Provided entries ->
----------------

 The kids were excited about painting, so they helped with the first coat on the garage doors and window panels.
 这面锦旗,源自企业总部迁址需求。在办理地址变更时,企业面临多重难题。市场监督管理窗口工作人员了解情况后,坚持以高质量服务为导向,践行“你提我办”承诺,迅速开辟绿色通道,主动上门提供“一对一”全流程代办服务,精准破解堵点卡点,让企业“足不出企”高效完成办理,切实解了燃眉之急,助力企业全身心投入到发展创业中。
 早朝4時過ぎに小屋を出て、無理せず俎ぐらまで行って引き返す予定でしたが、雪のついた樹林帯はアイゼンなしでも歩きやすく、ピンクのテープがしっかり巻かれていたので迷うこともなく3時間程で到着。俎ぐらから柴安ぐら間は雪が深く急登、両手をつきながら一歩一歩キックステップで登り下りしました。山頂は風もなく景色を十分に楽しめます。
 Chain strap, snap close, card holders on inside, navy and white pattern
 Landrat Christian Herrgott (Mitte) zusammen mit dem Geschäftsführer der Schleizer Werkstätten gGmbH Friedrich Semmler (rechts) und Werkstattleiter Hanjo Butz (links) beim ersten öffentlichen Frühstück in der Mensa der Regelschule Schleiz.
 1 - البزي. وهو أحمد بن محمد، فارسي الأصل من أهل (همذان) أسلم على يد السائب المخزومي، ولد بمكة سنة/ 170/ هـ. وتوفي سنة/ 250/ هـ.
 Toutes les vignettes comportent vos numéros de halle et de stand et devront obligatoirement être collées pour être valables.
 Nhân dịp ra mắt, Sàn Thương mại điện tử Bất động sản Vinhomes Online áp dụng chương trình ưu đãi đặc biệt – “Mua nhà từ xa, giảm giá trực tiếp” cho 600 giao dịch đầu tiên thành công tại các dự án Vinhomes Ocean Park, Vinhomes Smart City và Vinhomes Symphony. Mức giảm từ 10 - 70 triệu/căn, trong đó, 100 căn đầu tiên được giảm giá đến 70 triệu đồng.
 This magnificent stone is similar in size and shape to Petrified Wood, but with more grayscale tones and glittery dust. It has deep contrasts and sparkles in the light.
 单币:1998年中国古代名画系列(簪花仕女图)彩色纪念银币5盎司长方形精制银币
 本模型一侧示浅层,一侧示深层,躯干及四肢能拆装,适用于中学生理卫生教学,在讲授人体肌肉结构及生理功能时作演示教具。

----------------

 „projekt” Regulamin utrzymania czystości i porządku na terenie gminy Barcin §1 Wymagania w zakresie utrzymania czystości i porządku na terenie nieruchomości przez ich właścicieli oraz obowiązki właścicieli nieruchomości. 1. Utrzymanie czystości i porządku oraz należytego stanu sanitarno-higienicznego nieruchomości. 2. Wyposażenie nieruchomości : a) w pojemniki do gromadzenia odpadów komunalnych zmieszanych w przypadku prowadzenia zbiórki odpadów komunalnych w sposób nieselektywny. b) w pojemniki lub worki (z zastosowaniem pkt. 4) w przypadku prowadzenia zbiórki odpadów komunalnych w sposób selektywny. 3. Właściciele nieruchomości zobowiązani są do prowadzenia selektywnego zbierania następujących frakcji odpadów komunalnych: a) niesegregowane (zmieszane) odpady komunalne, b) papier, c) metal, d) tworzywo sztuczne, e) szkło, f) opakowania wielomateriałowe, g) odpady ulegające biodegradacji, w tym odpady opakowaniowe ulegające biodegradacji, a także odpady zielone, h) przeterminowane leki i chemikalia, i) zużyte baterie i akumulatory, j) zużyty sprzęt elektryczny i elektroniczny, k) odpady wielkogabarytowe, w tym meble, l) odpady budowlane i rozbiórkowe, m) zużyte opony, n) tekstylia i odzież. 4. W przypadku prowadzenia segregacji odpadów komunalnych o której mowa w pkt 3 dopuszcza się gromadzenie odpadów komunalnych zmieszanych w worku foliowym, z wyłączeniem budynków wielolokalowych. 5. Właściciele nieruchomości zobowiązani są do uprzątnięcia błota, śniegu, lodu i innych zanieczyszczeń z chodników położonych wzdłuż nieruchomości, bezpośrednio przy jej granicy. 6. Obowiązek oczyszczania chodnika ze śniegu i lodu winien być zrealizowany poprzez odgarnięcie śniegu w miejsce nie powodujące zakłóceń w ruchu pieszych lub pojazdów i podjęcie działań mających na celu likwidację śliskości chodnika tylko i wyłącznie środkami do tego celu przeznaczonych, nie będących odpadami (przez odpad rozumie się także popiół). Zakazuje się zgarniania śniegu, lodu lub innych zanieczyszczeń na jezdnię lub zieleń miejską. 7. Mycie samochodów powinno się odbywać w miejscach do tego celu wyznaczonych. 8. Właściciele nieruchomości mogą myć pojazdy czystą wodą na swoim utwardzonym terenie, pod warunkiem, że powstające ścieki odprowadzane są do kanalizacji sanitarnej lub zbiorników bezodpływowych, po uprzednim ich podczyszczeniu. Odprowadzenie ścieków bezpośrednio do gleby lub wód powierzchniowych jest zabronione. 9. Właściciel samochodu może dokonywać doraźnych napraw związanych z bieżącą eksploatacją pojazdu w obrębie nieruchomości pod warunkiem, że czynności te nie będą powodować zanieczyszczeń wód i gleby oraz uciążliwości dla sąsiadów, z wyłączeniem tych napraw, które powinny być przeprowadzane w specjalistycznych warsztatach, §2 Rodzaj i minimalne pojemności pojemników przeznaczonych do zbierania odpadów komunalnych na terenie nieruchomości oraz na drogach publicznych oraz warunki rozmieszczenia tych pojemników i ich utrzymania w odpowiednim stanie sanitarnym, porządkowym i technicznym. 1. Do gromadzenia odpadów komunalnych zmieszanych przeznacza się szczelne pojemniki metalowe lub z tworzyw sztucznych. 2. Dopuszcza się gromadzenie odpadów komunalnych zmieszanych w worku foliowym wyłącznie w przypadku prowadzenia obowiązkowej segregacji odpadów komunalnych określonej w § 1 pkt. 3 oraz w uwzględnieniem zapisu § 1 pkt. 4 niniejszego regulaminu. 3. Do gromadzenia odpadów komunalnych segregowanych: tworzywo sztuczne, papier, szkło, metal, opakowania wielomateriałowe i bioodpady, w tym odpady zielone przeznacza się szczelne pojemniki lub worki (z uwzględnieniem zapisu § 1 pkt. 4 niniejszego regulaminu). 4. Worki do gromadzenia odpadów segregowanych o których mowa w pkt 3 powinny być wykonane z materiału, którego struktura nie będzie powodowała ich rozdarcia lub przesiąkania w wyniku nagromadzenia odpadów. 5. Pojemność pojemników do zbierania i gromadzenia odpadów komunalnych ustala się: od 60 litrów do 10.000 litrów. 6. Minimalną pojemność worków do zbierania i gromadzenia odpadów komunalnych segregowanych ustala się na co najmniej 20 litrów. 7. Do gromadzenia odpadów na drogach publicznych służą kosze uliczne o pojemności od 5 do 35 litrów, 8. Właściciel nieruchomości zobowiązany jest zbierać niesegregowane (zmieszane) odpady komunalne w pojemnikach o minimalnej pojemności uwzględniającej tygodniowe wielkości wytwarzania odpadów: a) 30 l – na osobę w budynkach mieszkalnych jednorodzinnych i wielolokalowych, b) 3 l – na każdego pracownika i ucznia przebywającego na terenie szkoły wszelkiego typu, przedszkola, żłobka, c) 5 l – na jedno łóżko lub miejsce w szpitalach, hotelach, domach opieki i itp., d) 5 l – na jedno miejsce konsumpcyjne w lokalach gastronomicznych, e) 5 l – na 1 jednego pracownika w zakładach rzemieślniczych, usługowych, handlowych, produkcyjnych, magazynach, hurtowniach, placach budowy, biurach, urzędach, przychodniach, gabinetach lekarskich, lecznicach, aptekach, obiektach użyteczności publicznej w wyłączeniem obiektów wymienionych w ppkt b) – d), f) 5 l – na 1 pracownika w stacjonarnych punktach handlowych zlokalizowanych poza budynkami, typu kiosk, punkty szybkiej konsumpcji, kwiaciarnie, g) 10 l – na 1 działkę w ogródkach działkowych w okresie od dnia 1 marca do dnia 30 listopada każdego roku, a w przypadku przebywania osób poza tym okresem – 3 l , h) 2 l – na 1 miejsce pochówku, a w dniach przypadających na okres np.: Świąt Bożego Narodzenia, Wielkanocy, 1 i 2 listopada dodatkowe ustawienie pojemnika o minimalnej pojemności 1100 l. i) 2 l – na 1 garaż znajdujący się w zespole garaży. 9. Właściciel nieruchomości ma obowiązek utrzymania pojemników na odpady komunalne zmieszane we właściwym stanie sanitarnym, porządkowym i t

----------------

Your task -> The reply should consist solely of the lines above from the one that has "单币:1998年中国古代名画系列(簪花仕女图)彩色纪念银币5盎司长方形精制银币" through the one that has "本模型一侧示浅层,一侧示深层", reproduced exactly.

Written reply ->
 单币:1998年中国古代名画系列(簪花仕女图)彩色纪念银币5盎司长方形精制银币
 本模型一侧示浅层,一侧示深层,躯干及四肢能拆装,适用于中学生理卫生教学,在讲授人体肌肉结构及生理功能时作演示教具。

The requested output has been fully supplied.